Could it be that he had found someone else? That would account for the shadow of uncertainty on his face. Luiz was not an uncertain man. Fear gripped her, turning her complexion chalky white. She could think of no other reason for him to be here and to want to have a talk with her. A talk that was so urgent it couldn’t wait. He intended to brace her for the news before she heard about it via the grapevine, for her brother would surely find out and impart the information to her.
‘Is it about … financial stuff?’ she asked, clinging to the hope that he would say yes.
‘It’s nothing to do with money, or with any practicalities, Aggie. My car’s outside.’

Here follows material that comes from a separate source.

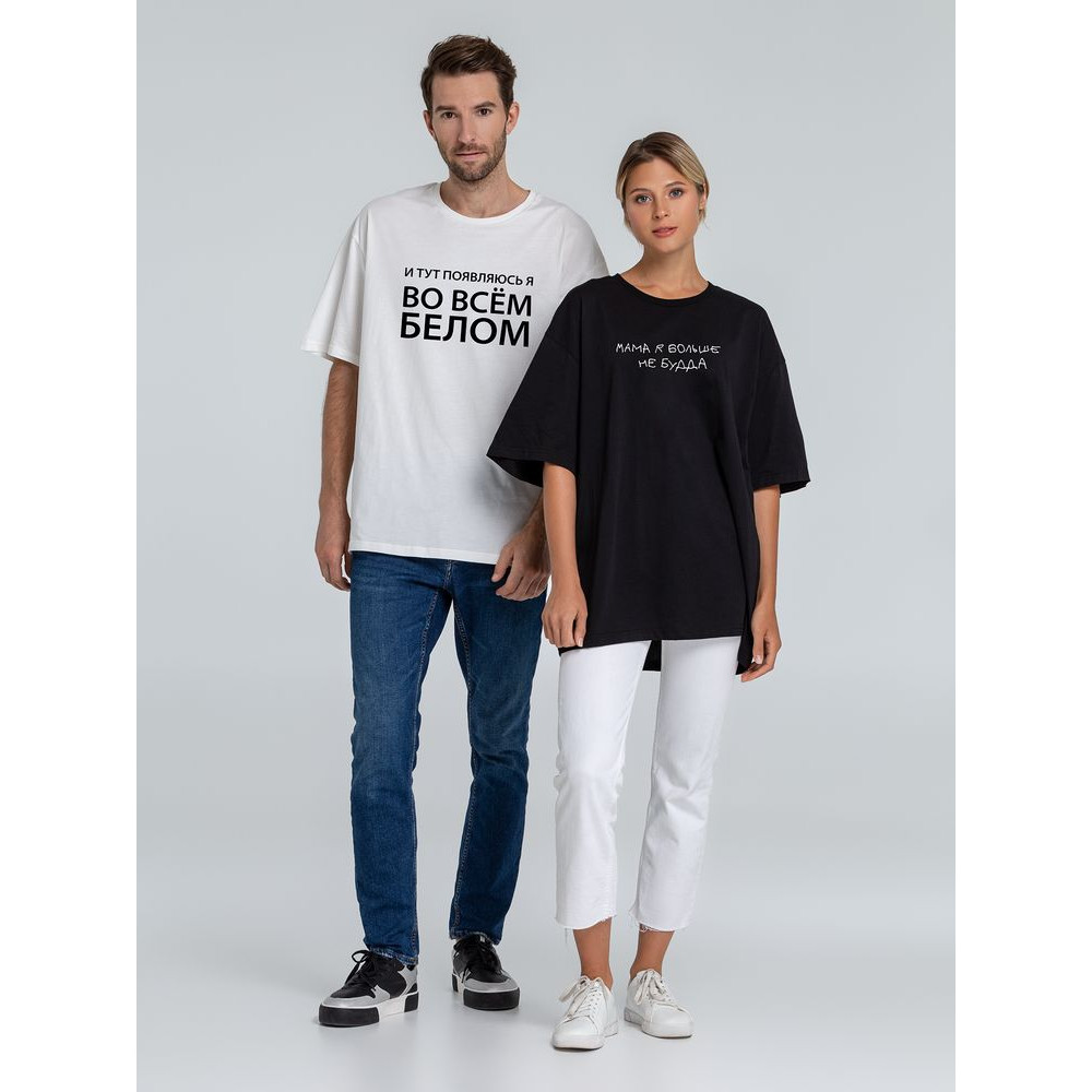 Креативная оверсайз футболка «Во всем белом» одновременно подчеркивает и чувство стиля, и чувство юмора. В этой футболке повышенное внимание к вашей персоне гарантированно.Футболка унисекс со спущенным плечом и круглым вырезом, отделанным резинкой.

Aggie nodded but her body was numb all over as she gathered her things, her bag, her lightweight jacket and followed him to where his car was parked on a single yellow line outside the school.
‘Where are we going? I have to be back at school by one-thirty.’
‘You might have to call and tell them that you’ll be later.’
‘Why? What can you have to say that can’t be said closer to the school? There’s a café just down that street ahead. Let’s go there and get this little talk of yours over and done with.’
‘It’s no
t that easy, I’m afraid.’
She noticed that the hesitation was back and it chilled her once again to the core.
‘I’m stronger than you think,’ she said, bracing herself. ‘I can handle whatever you have to tell me. You don’t need to get me to some fancy restaurant to break the news.’
‘We’re not going to a fancy restaurant. I know you well enough by now not to make the mistake of taking you somewhere fancy unless you have at least an hour to get ready in advance.’
‘It’s not my fault I still get a little nervous at some of those places you’ve taken me to. I don’t feel comfortable being surrounded by celebrities!’
‘And it’s what I like about you,’ Luiz murmured. That, along with all the thousands of other little quirks which should have shown him by now the significance of what he felt for her. He had always counted himself as a pretty shrewd guy and yet, with her, he had been as thick as the village idiot.
‘It is?’ Aggie shamefully grasped that barely audible compliment.
‘I want to show you something.’ The traffic was free-flowing and they were driving quickly out of London now, heading towards the motorway. For a while, Aggie’s mind went into freefall as she recollected the last time she had been in a car heading out of London. His car. Except then, the snow had been falling thick and fast and little had she known that she had been heading towards a life-changing destiny. If, at the time, she had been in possession of a crystal ball, would she have looked into it and backed away from sleeping with him? The answer, of course, was no. For better or for worse she had thought at the time, and she still thought so now, even though the better had lasted for precious little time.